The next morning, I’m already on the case.
‘Dad’s taking me to the Tower!’ I tell my mum, who’s in the kitchen, washing up.
‘We’re going on Good Friday!’
At that moment, my dad emerges from their bedroom. He’s dressed for work, smart, perfectly pressed suit trousers, neatly ironed shirt, patterned silk tie. His clothes are immaculate – he’s very careful about his appearance, like my mum – but he looks pale, somewhat bleary. He’s in Bad Hangover territory, the place he inhabits virtually every day. But, of course, at five years old, I don’t have a clue about this.
‘Dad! When’s it Good Friday?’ I prattle innocently. ‘When we gonna go to the Tower?’
My dad looks at me blankly.
‘What Tower? Whatya talkin’ about? And where’s my cufflinks, Mol?’ he asks my mum.
‘Can’t find ’em anywhere.’
‘Tower of London,’ I repeat, still not getting it. ‘We’re gonna go to the Tower on Good Friday, you said, Dad.’
But my dad doesn’t respond. I’m bewildered at this but I’m silent, pensive.
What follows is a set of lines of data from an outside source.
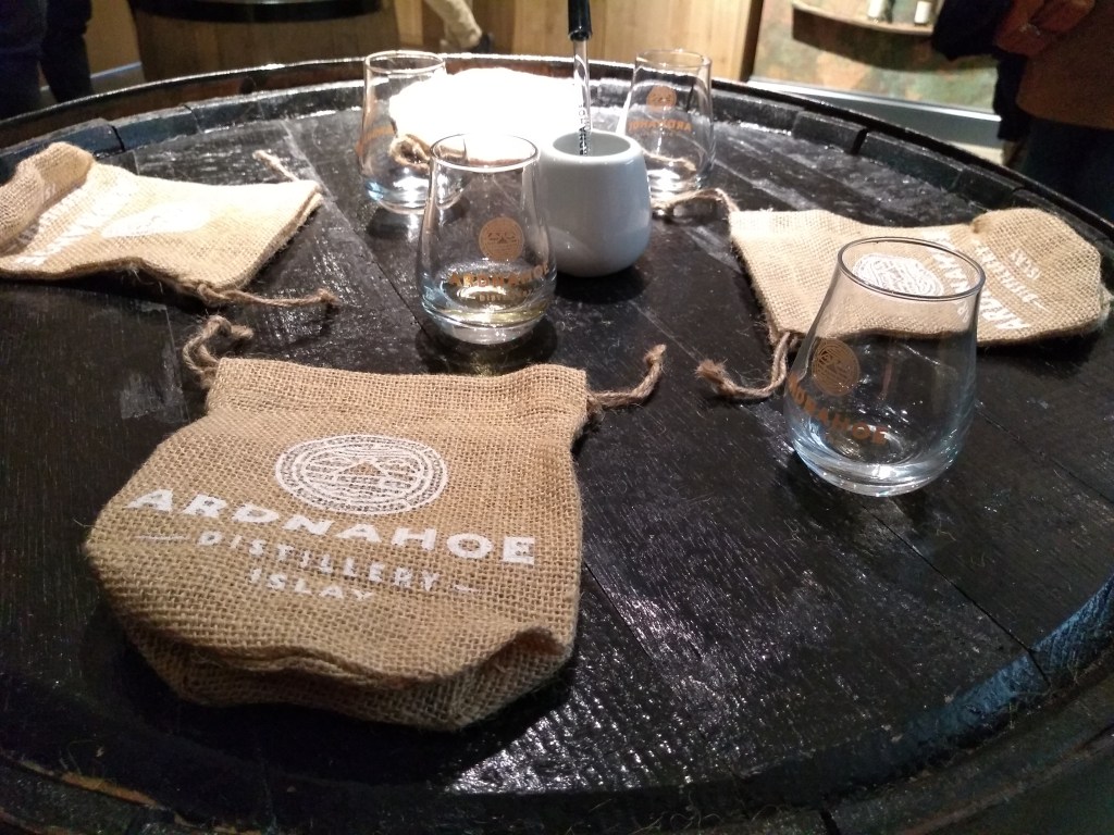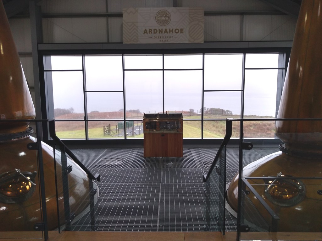 Finally, 4pm. The tour started in a room adjacent to the visitor centre, where our guide explained the history behind the distillery, which started producing new make spirit only in 2019. We quickly moved to the production area, where we admired their Bobby mill, one of the very few existing. It was followed by the copper covered mash tun, their wooden washbacks, and in particular their stills, which have the longest lyne arms in the Scottish industry (they are really long!). These arms take the distillate to worm tubs condensers, a unique feature among Islay distilleries. Unfortunately the tour didn’t include the warehouse. We were brought back in a tasting room, where we could choose a dram among four: the Islay and Highland Journeys (two regional blended malts), a Hunter Laing Glengoyne and the Scarabus single malt (from an undisclosed Islay distillery). We chose the two blended malts, which were ok but not very memorable. More interestingly, we got offered a taste of the new make spirit: on top of the usual pear and green apple aromas we tasted in other mew makes, this one also had lot whiff of bananas and, of course, smoke.
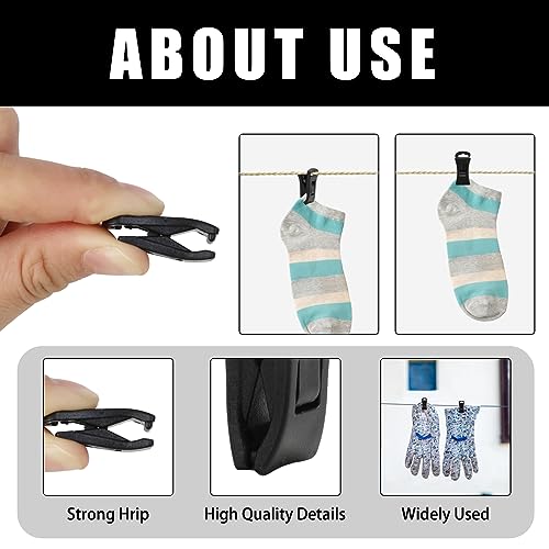 50 Pezzi Mollette per Bucato Nero, Mollette in Plastica Antiscivolo, Soft & Strong Clip Multifunzionale con Allacciare per Calze, Borse, Vestiti, Jeans e Cappelli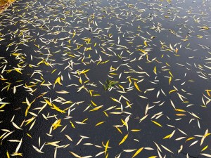 Our wet driveway near the big willow tree served up an interesting display of randomly distributed fallen leaves yesterday morning. Nature providing opportunities for digital desktop wallpaper patterns or something along those lines.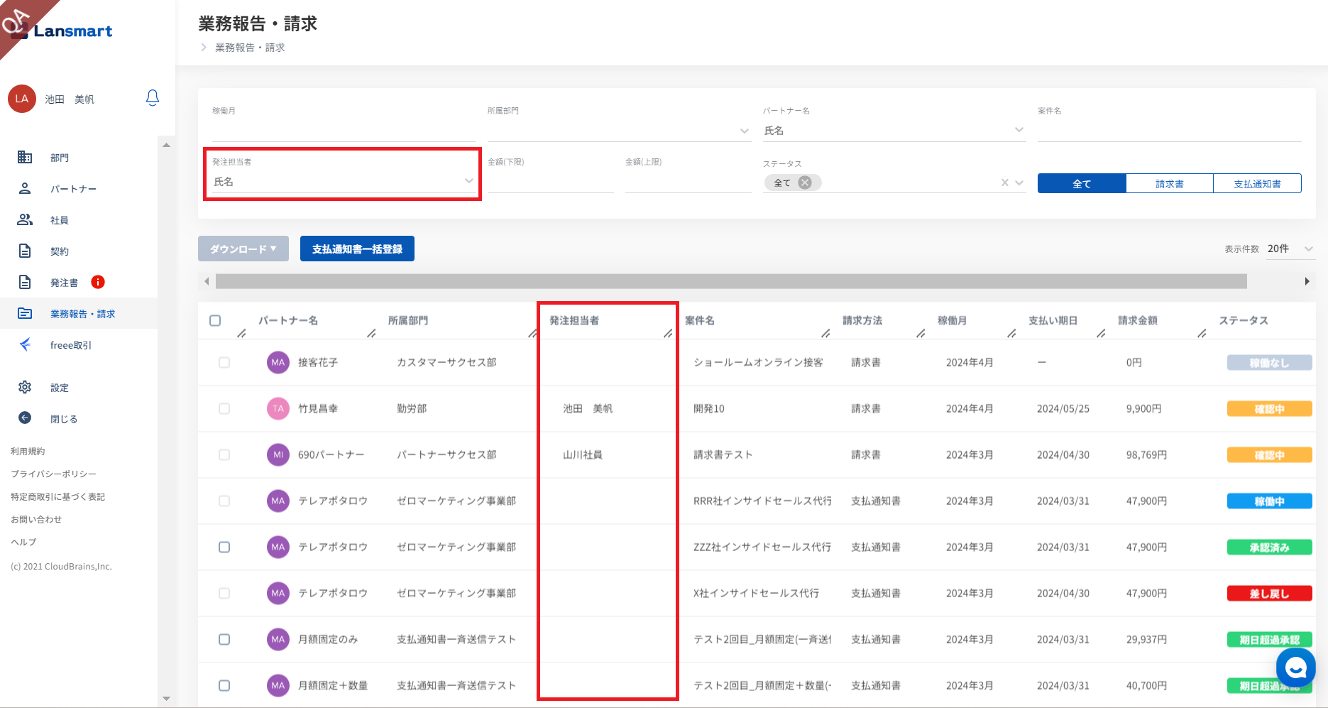 発注書一覧、業務報告請求一覧にも「発注担当者」が表示されます。フィルタをかけることもできます。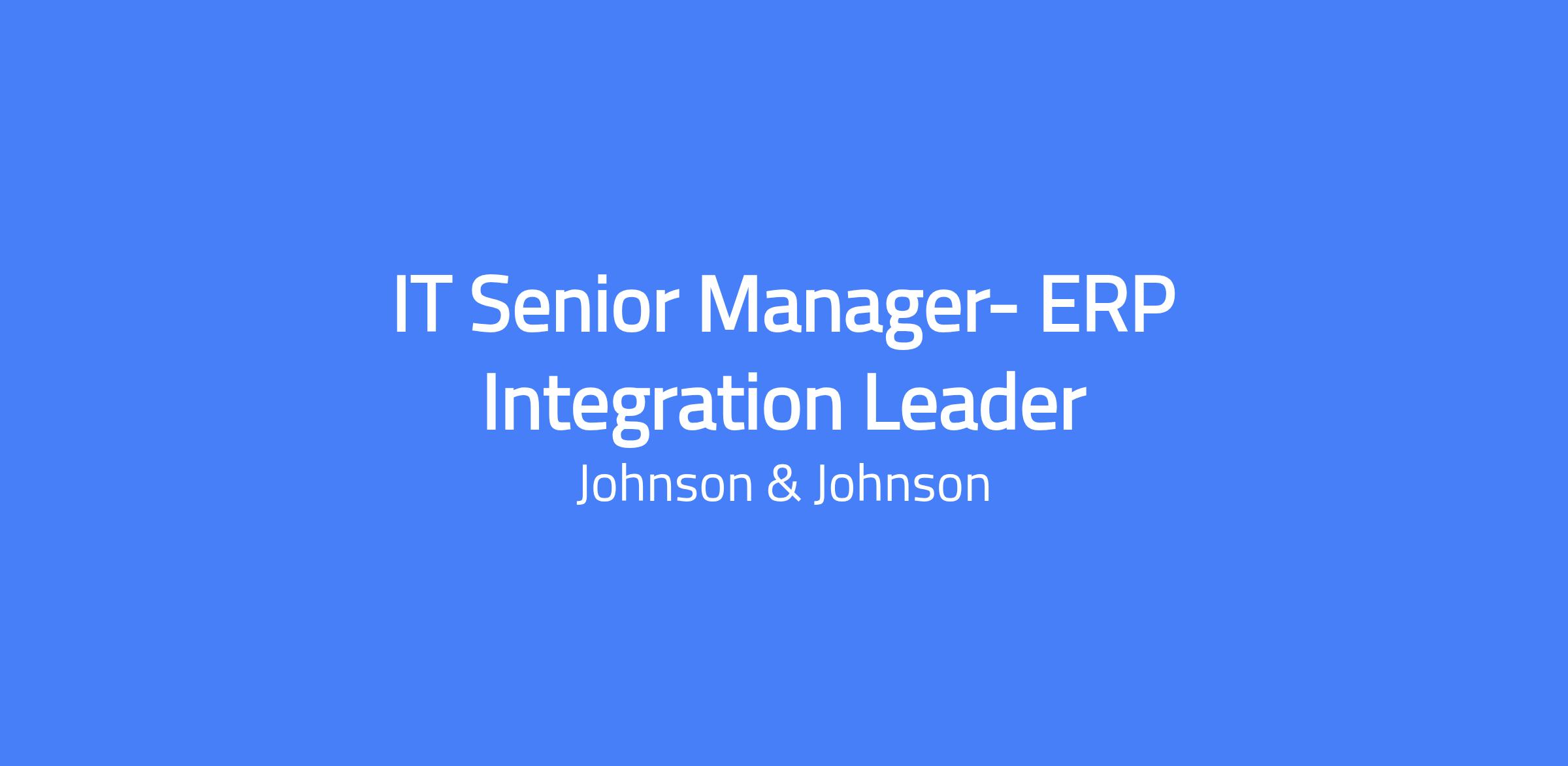IT Senior Manager- ERP Integration Leader. Location: Raritan, NJ. Lead SAP S/4HANA ERP integration as part of the Digital Transformation program, delivering a reliable, high-quality ERP solution for the Supply Chain. Responsible for end-to-end ERP deployments, governance, budgets, and compliance with SDLC, SOX, GxP, and regulatory requirements. Coordinate with business and technology stakeholders, vendors, and process owners, and ensure hardware/infrastructure readiness at site locations. Travel to domestic and international locations is required (25%).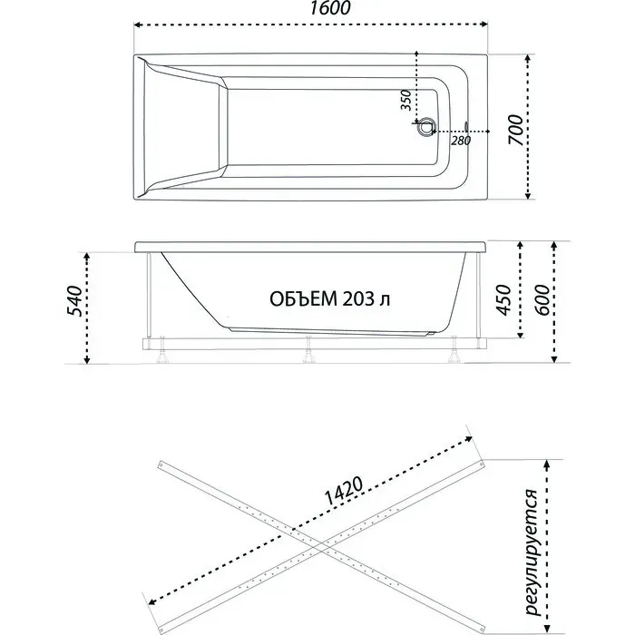 Ванна акриловая 1ACReal Тори 160x70 см — 1 шт.
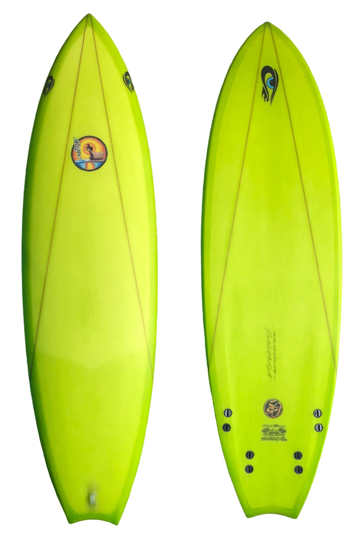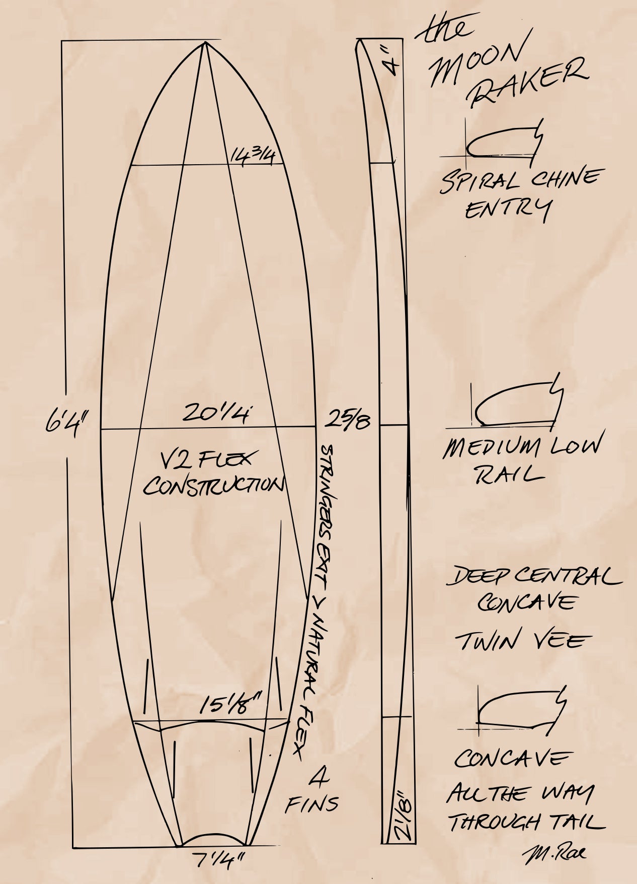 Using the longer lines of a 7'4 pintail gun, I then 4'' cut from the nose to shorten overall length while holding the long projection lines. The Moonraker has low entry rocker with a parabolic, progressive speed-continuous curve throughout, mirrored and accentuated through the concave. Quick release rocket tail, fed by a deep single concave within defined twin narrow vee control planes loosen the design right up without sacrificing drive.

Something is very, very wrong and I can’t work out what it is. My mum, meanwhile, has gone into the bedroom to rummage around and, in a flash, she’s back with the missing cufflinks which she dutifully hands to her husband.
‘Leave your dad alone, Jac,’ she says, seeing my puzzled little face.
By now, I’m sucking my thumb, a baby habit that I don’t relinquish until a few years later. It’s a sign I’m confused or troubled.
‘Dad’s gotta go to work now. We’ll talk about Good Friday later on,’ she tells me as the front door closes behind my dad.